58 These submissions are flawed.
59 The first submission, if upheld, would be fatal to the making of any extension application, notwithstanding the strong evidence that difficult to manage clinical depression and anxiety (and possibly the medications prescribed in the treatment of symptoms) probably had impaired on the plaintiff's ability to act decisively by instructing solicitors to commence a proceeding to vindicate her legal rights within the time limit.
60 The second appears to assume that a relapsing, remitting chronic condition may not be sufficient to satisfy the Court that it was not reasonable to commence a proceeding. The evidence taken as a whole is consistent with the plaintiff wanting to vindicate any legal rights in respect to the publication of the Article. Leaving to one side for the moment other contributing circumstances, such as the plaintiff’s diminished finances after her working hours were shortened, the evidence also shows that before and after any cause of action accrued and since the expiry of the time limit, fluctuating symptoms and possibly the effects of prescribed medication, as claimed, impacted the plaintiff's psych and likely significantly impaired her ability to act decisively in respect to this proceeding.
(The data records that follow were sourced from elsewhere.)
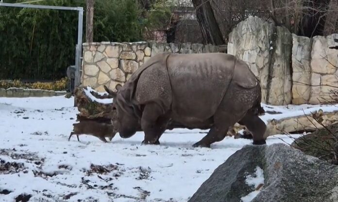 Στον ζωολογικό κήπο του Βρότσλαβ στην Πολωνία, ένα μικροσκοπικό ελάφι, το οποίο ζυγίζει μόλις 13 κιλά, κατάφερε να «κλέψει» τις εντυπώσεις αντιμετωπίζοντας έναν ρινόκερο σχεδόν 1,7 τόνων.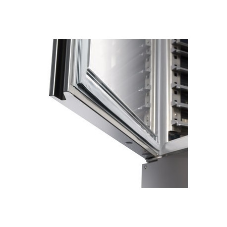 Das Schockkühlgerät verfügt über eine verteilte Belüftung, die Schäden an den gelagerten Produkten verhindert. Es ist vollständig programmierbar und kann an die individuellen Bedürfnisse angepasst werden. Es verfügt außerdem über einen verstellbaren Abstand zwischen den Einschüben.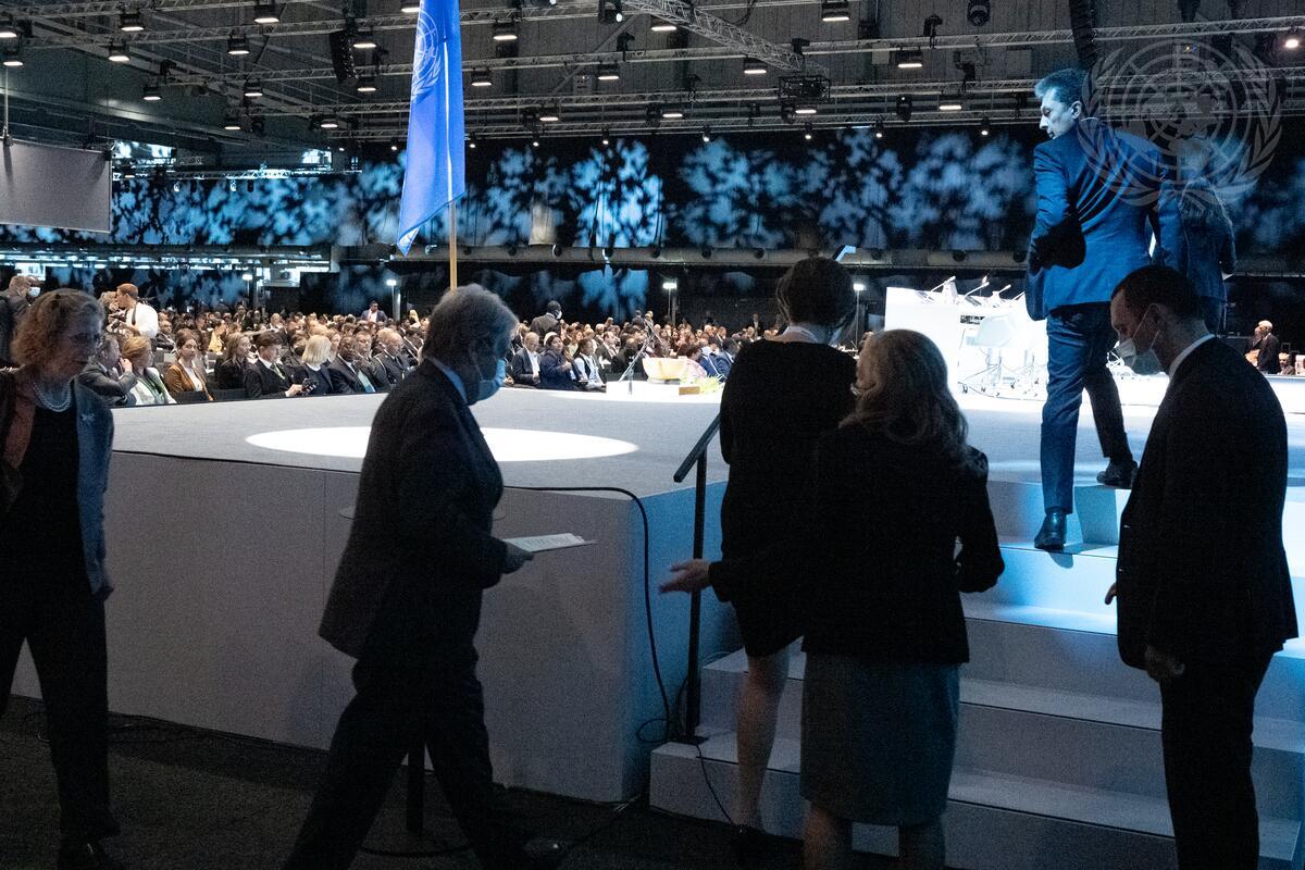 Secretary-General António Guterres (second from left) arrives to address the opening of the Stockholm+50 Conference.

61 I was satisfied that the circumstances described by the plaintiff, in particular the impact of ongoing mental health problems on her ability to finally instruct solicitors was sufficiently compelling, such that it was not reasonable for the plaintiff to commence the defamation proceeding to vindicate her legal rights in accordance with the time limit.
62 Accordingly I propose to extend the time limit to accord with the application made.